The Data Exploration module is designed for students with little or limited prior knowledge of data processing and exploratory data analysis. It addresses the initial steps a data analyst takes in understanding, building, cleaning, and transforming a dataset. Through this module, the student will develop the knowledge and skillset to manipulate data in dataframes, visualise the data, assess the quality of the data and use advanced exploratory methods such as clustering, correlation and association rules to better understand the data and prepare it for analysis and processing.
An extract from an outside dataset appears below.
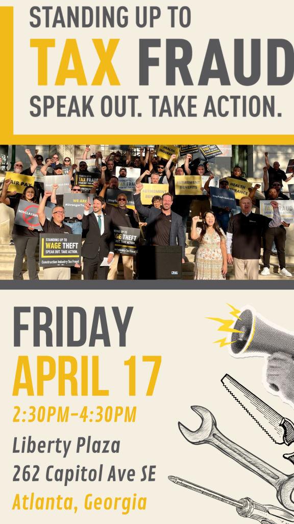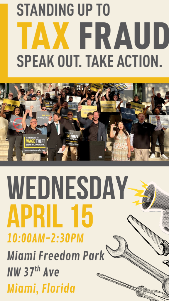 The Southern Regional Council of Carpenters is preparing for a demonstration in Miami, FL and Atlanta, GA for the Tax Fraud Days of Action. We are bringing attention to the growing problem of employer tax fraud in the construction industry, across the United States tax fraud committed by construction contractor’s costs states and federal treasuries $10 billion a year.

Introduction to Data Exploration
- Purpose of data exploration
- Data types and sources
- Intro to tools and software
The Exploratory Data Analysis (EDA) process
- Structure of the EDA process
- EDA best practices
- Review
Data Collection
- Survey design
- Basic cleaning - missing values
Data manipulation
- Creating data frames
- Subsetting data
- Applying functions to data structures
- Method chaining
- Reshaping data
- Combining datasets
- Grouping data
- Windows
- Normalisation
- Binning
- Sampling
Data cleaning
- Identifying and removing duplicated data
- Handling outliers: categorical, ordinal, interval data
- Handling missing values: imputation
- Dealing with imbalanced data
Data Quality Reports
- Measuring data quality
- Components of an effective data quality report
- Creating a data quality report
- Interpreting a data quality report
Advanced data exploration techniques
- Clustering
- Correlation
- Association rules
Time-Series Data
- Components of time-series data
- Identifying trends, seasonality and noise
- Decomposing time-series data
Matrix Data
- Array manipulation (reshaping, flattening, concatenating, splitting arrays)
- Broadcasting
- Working with Multi-dimensional arrays
This module will be delivered using lectures, practical laboratory exercises, and assignments. There will be a strong practical element.
The module's co-requisite module on Programming for Data Analytics will provide students with the knowledge of programming that will be required to support the development of the report for this module.
| Module Content & Assessment | |
|---|---|
| Assessment Breakdown | % |
| Other Assessment(s) | 100 |